**Task requirements**. Output all entries exactly as they appear and skip the pictures.

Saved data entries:

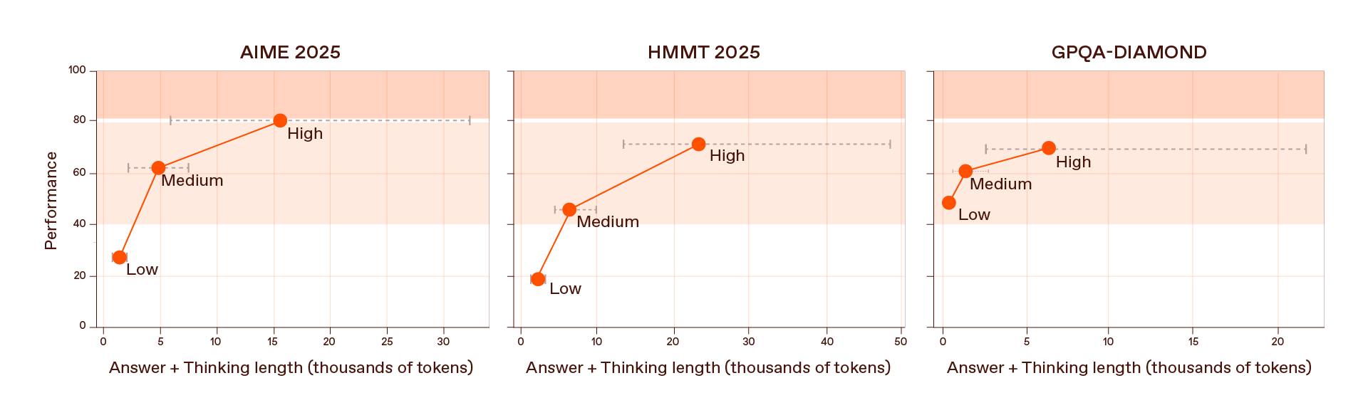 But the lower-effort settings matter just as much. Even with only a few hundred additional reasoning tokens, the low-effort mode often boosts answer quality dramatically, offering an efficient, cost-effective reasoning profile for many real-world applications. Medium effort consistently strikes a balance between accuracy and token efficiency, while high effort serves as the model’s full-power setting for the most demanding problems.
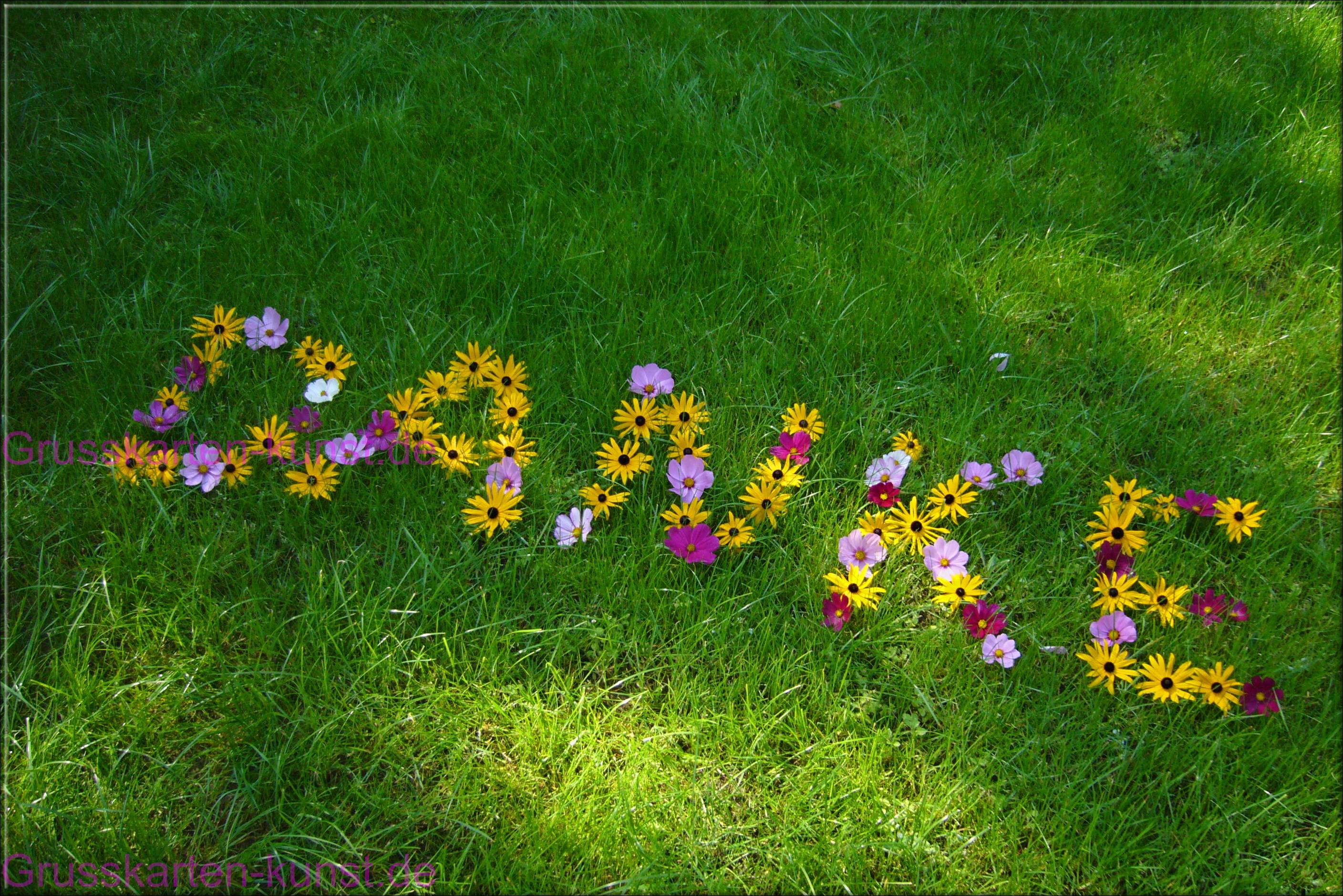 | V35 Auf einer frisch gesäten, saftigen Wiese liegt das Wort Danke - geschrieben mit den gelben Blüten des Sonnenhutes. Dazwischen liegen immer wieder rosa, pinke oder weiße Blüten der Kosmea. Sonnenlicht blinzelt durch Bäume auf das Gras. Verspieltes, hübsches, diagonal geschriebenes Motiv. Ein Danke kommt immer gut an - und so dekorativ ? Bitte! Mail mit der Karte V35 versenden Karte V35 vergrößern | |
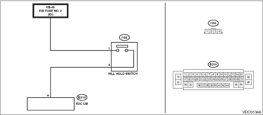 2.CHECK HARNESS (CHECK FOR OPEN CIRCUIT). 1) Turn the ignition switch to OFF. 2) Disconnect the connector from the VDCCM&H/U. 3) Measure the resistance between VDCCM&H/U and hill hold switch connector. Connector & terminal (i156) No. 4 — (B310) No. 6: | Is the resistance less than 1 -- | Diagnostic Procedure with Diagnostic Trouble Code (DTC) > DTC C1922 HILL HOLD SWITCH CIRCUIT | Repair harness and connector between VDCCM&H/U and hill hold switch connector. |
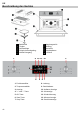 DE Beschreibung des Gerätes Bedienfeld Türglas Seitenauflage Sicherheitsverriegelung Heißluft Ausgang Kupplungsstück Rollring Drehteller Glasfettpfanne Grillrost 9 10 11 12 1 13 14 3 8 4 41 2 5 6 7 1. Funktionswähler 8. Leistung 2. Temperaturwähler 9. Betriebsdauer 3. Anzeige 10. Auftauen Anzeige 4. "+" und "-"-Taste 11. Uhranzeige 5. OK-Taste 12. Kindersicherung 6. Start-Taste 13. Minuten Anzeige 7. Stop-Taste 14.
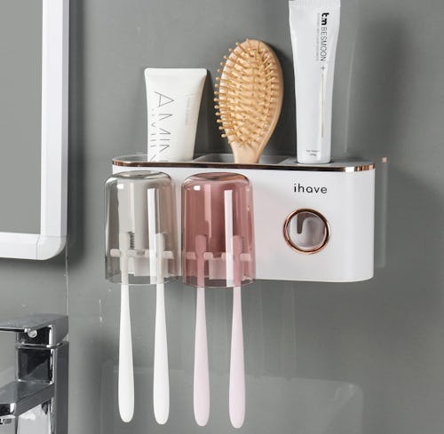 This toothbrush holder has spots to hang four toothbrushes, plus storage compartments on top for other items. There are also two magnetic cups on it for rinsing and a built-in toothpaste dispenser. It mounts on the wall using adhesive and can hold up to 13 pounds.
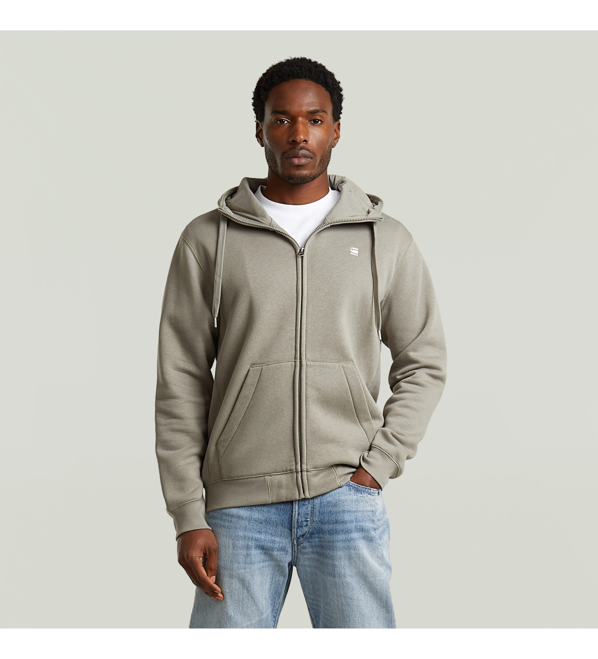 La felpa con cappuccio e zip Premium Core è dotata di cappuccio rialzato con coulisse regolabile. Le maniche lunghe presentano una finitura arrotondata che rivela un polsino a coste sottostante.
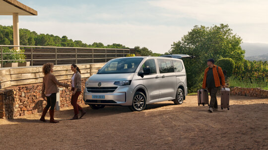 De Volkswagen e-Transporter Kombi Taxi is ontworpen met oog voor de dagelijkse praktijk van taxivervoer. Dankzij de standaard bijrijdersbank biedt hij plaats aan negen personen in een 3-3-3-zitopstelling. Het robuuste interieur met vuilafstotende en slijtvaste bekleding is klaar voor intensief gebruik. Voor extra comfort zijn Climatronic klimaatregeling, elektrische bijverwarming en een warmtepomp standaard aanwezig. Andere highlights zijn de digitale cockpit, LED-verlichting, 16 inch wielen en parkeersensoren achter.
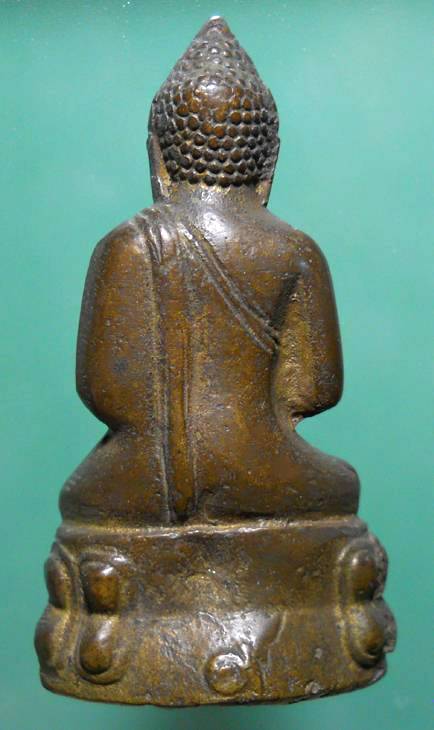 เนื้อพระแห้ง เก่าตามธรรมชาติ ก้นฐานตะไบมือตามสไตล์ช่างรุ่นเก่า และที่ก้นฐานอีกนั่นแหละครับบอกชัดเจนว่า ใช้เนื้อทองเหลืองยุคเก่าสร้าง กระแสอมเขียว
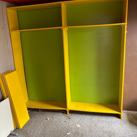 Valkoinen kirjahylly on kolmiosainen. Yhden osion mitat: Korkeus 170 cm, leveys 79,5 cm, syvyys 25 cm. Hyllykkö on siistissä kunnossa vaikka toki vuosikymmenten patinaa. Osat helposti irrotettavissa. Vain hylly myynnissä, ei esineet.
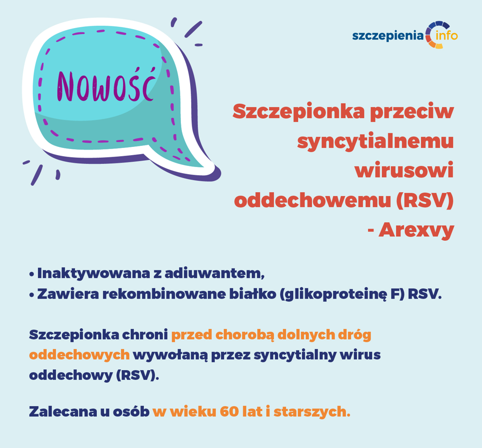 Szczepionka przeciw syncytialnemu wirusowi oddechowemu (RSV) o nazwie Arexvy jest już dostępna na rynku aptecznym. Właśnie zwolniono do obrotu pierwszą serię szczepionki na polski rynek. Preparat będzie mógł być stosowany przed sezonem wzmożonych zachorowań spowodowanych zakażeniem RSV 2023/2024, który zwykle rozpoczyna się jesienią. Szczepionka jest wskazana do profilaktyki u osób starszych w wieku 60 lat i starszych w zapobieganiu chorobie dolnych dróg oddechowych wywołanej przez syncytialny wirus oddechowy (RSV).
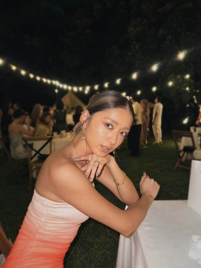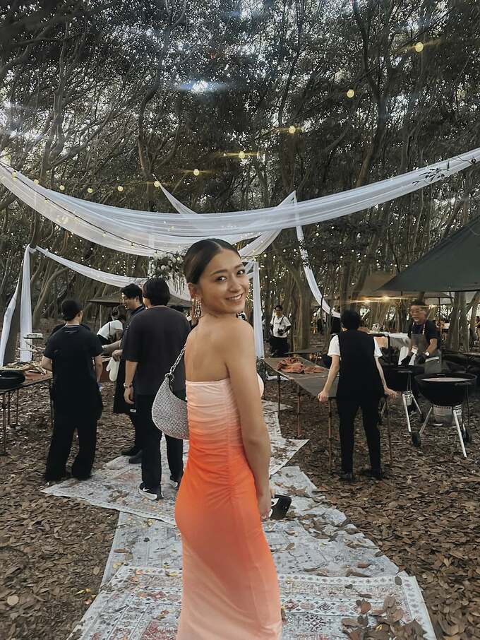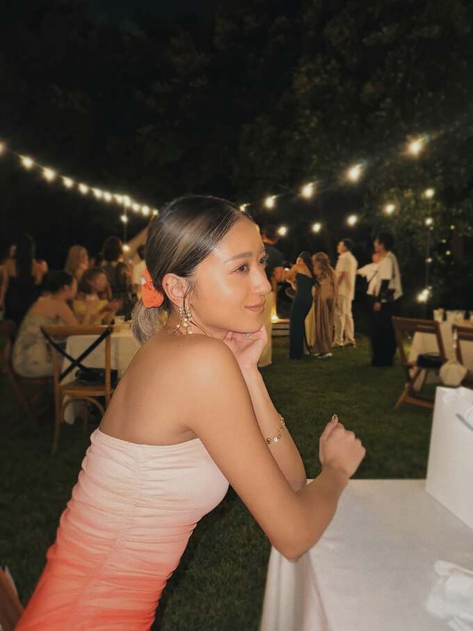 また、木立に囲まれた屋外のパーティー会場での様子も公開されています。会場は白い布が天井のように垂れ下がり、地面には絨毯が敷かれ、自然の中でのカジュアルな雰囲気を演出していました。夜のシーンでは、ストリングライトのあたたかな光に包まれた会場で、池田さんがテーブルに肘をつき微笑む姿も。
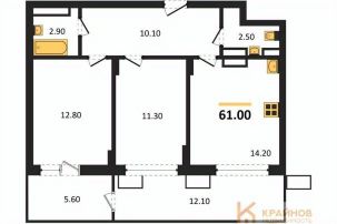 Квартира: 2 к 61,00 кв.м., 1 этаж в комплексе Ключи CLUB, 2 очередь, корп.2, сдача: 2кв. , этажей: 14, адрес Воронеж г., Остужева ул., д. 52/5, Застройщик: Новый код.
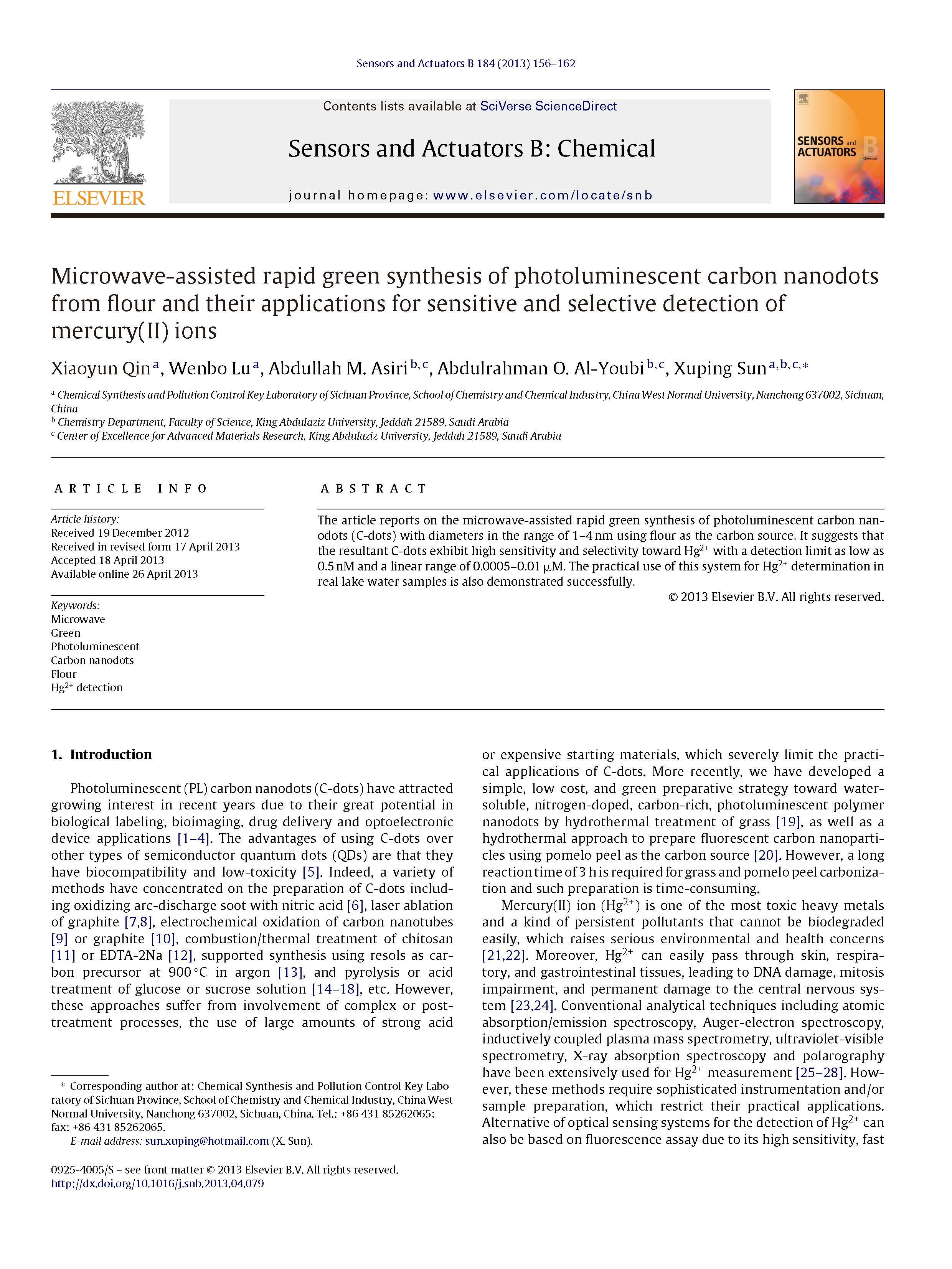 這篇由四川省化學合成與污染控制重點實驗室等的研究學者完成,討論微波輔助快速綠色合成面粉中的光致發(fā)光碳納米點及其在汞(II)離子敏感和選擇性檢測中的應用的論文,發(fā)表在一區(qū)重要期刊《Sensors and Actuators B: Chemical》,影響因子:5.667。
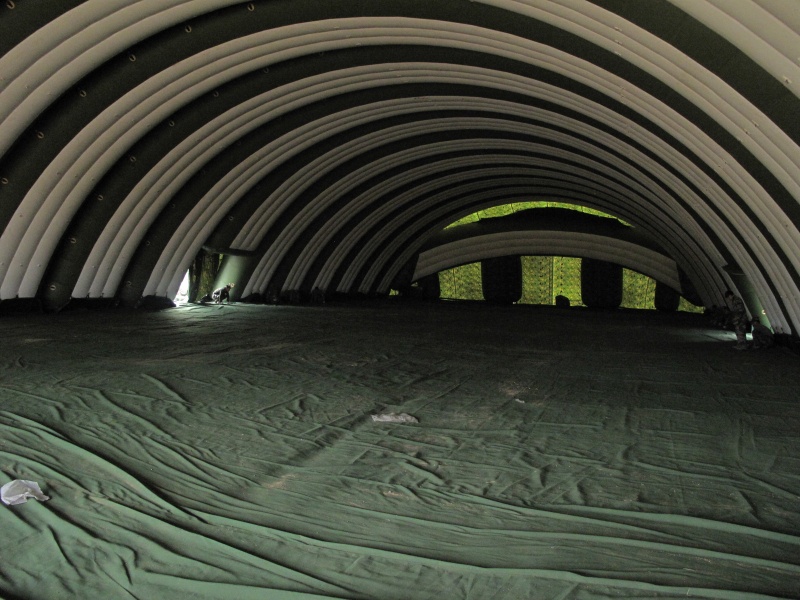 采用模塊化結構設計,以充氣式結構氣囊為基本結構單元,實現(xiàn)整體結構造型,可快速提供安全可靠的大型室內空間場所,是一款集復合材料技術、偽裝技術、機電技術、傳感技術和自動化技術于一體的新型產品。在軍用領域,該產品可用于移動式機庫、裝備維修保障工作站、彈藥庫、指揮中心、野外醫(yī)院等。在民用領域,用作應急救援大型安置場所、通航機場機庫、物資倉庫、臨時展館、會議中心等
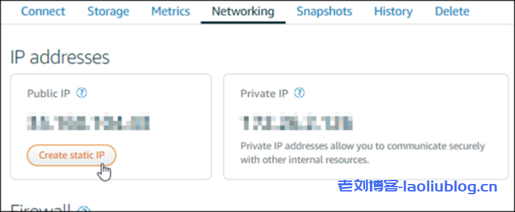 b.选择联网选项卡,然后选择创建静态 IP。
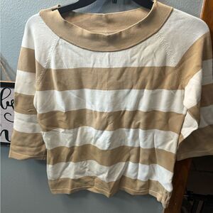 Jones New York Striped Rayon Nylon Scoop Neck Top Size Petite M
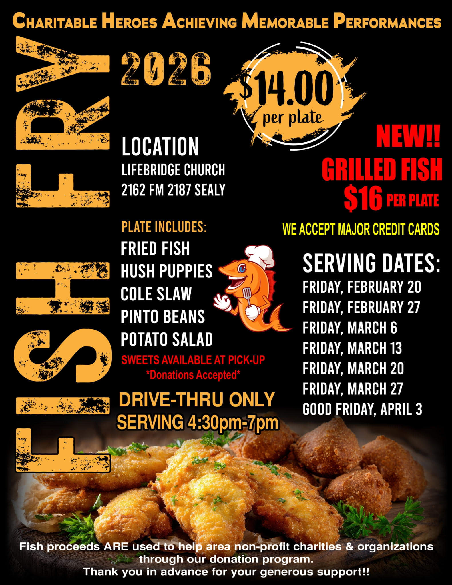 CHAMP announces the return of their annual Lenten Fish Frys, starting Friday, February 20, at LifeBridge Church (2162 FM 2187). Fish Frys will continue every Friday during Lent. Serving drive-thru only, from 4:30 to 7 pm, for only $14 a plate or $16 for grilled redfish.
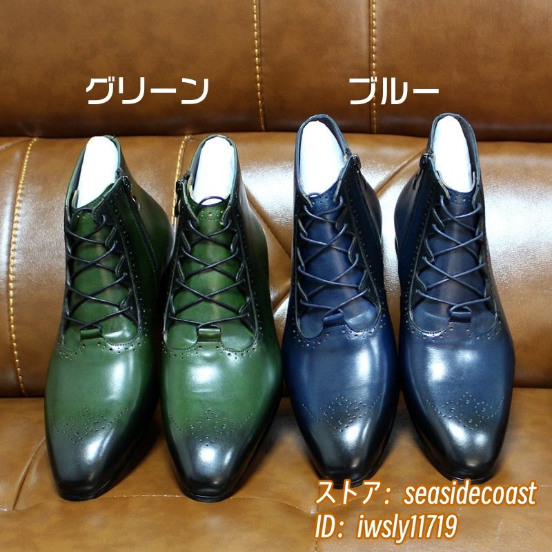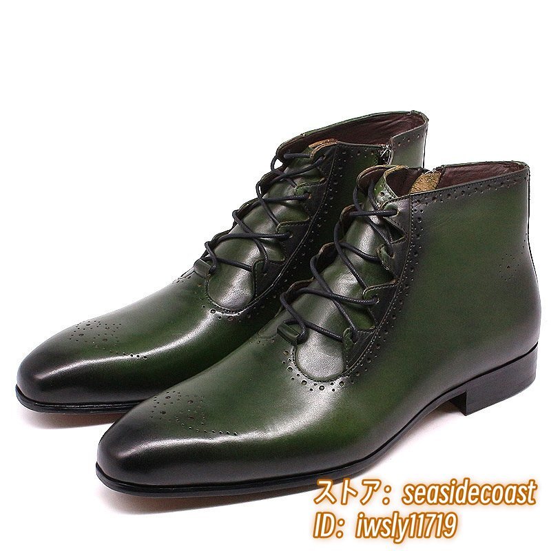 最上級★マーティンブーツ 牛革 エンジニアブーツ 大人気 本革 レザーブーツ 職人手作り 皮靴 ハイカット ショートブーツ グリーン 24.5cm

**Finished task**.
 But the lower-effort settings matter just as much. Even with only a few hundred additional reasoning tokens, the low-effort mode often boosts answer quality dramatically, offering an efficient, cost-effective reasoning profile for many real-world applications. Medium effort consistently strikes a balance between accuracy and token efficiency, while high effort serves as the model’s full-power setting for the most demanding problems.
 | V35 Auf einer frisch gesäten, saftigen Wiese liegt das Wort Danke - geschrieben mit den gelben Blüten des Sonnenhutes. Dazwischen liegen immer wieder rosa, pinke oder weiße Blüten der Kosmea. Sonnenlicht blinzelt durch Bäume auf das Gras. Verspieltes, hübsches, diagonal geschriebenes Motiv. Ein Danke kommt immer gut an - und so dekorativ ? Bitte! Mail mit der Karte V35 versenden Karte V35 vergrößern | |
 2.CHECK HARNESS (CHECK FOR OPEN CIRCUIT). 1) Turn the ignition switch to OFF. 2) Disconnect the connector from the VDCCM&H/U. 3) Measure the resistance between VDCCM&H/U and hill hold switch connector. Connector & terminal (i156) No. 4 — (B310) No. 6: | Is the resistance less than 1 -- | Diagnostic Procedure with Diagnostic Trouble Code (DTC) > DTC C1922 HILL HOLD SWITCH CIRCUIT | Repair harness and connector between VDCCM&H/U and hill hold switch connector. |
 DE Beschreibung des Gerätes Bedienfeld Türglas Seitenauflage Sicherheitsverriegelung Heißluft Ausgang Kupplungsstück Rollring Drehteller Glasfettpfanne Grillrost 9 10 11 12 1 13 14 3 8 4 41 2 5 6 7 1. Funktionswähler 8. Leistung 2. Temperaturwähler 9. Betriebsdauer 3. Anzeige 10. Auftauen Anzeige 4. "+" und "-"-Taste 11. Uhranzeige 5. OK-Taste 12. Kindersicherung 6. Start-Taste 13. Minuten Anzeige 7. Stop-Taste 14.
 This toothbrush holder has spots to hang four toothbrushes, plus storage compartments on top for other items. There are also two magnetic cups on it for rinsing and a built-in toothpaste dispenser. It mounts on the wall using adhesive and can hold up to 13 pounds.
 La felpa con cappuccio e zip Premium Core è dotata di cappuccio rialzato con coulisse regolabile. Le maniche lunghe presentano una finitura arrotondata che rivela un polsino a coste sottostante.
 De Volkswagen e-Transporter Kombi Taxi is ontworpen met oog voor de dagelijkse praktijk van taxivervoer. Dankzij de standaard bijrijdersbank biedt hij plaats aan negen personen in een 3-3-3-zitopstelling. Het robuuste interieur met vuilafstotende en slijtvaste bekleding is klaar voor intensief gebruik. Voor extra comfort zijn Climatronic klimaatregeling, elektrische bijverwarming en een warmtepomp standaard aanwezig. Andere highlights zijn de digitale cockpit, LED-verlichting, 16 inch wielen en parkeersensoren achter.
 เนื้อพระแห้ง เก่าตามธรรมชาติ ก้นฐานตะไบมือตามสไตล์ช่างรุ่นเก่า และที่ก้นฐานอีกนั่นแหละครับบอกชัดเจนว่า ใช้เนื้อทองเหลืองยุคเก่าสร้าง กระแสอมเขียว
 Valkoinen kirjahylly on kolmiosainen. Yhden osion mitat: Korkeus 170 cm, leveys 79,5 cm, syvyys 25 cm. Hyllykkö on siistissä kunnossa vaikka toki vuosikymmenten patinaa. Osat helposti irrotettavissa. Vain hylly myynnissä, ei esineet.
 Szczepionka przeciw syncytialnemu wirusowi oddechowemu (RSV) o nazwie Arexvy jest już dostępna na rynku aptecznym. Właśnie zwolniono do obrotu pierwszą serię szczepionki na polski rynek. Preparat będzie mógł być stosowany przed sezonem wzmożonych zachorowań spowodowanych zakażeniem RSV 2023/2024, który zwykle rozpoczyna się jesienią. Szczepionka jest wskazana do profilaktyki u osób starszych w wieku 60 lat i starszych w zapobieganiu chorobie dolnych dróg oddechowych wywołanej przez syncytialny wirus oddechowy (RSV).
 また、木立に囲まれた屋外のパーティー会場での様子も公開されています。会場は白い布が天井のように垂れ下がり、地面には絨毯が敷かれ、自然の中でのカジュアルな雰囲気を演出していました。夜のシーンでは、ストリングライトのあたたかな光に包まれた会場で、池田さんがテーブルに肘をつき微笑む姿も。
 Квартира: 2 к 61,00 кв.м., 1 этаж в комплексе Ключи CLUB, 2 очередь, корп.2, сдача: 2кв. , этажей: 14, адрес Воронеж г., Остужева ул., д. 52/5, Застройщик: Новый код.
 這篇由四川省化學合成與污染控制重點實驗室等的研究學者完成,討論微波輔助快速綠色合成面粉中的光致發(fā)光碳納米點及其在汞(II)離子敏感和選擇性檢測中的應用的論文,發(fā)表在一區(qū)重要期刊《Sensors and Actuators B: Chemical》,影響因子:5.667。
 采用模塊化結構設計,以充氣式結構氣囊為基本結構單元,實現(xiàn)整體結構造型,可快速提供安全可靠的大型室內空間場所,是一款集復合材料技術、偽裝技術、機電技術、傳感技術和自動化技術于一體的新型產品。在軍用領域,該產品可用于移動式機庫、裝備維修保障工作站、彈藥庫、指揮中心、野外醫(yī)院等。在民用領域,用作應急救援大型安置場所、通航機場機庫、物資倉庫、臨時展館、會議中心等
 b.选择联网选项卡,然后选择创建静态 IP。
 Jones New York Striped Rayon Nylon Scoop Neck Top Size Petite M
 CHAMP announces the return of their annual Lenten Fish Frys, starting Friday, February 20, at LifeBridge Church (2162 FM 2187). Fish Frys will continue every Friday during Lent. Serving drive-thru only, from 4:30 to 7 pm, for only $14 a plate or $16 for grilled redfish.
 最上級★マーティンブーツ 牛革 エンジニアブーツ 大人気 本革 レザーブーツ 職人手作り 皮靴 ハイカット ショートブーツ グリーン 24.5cm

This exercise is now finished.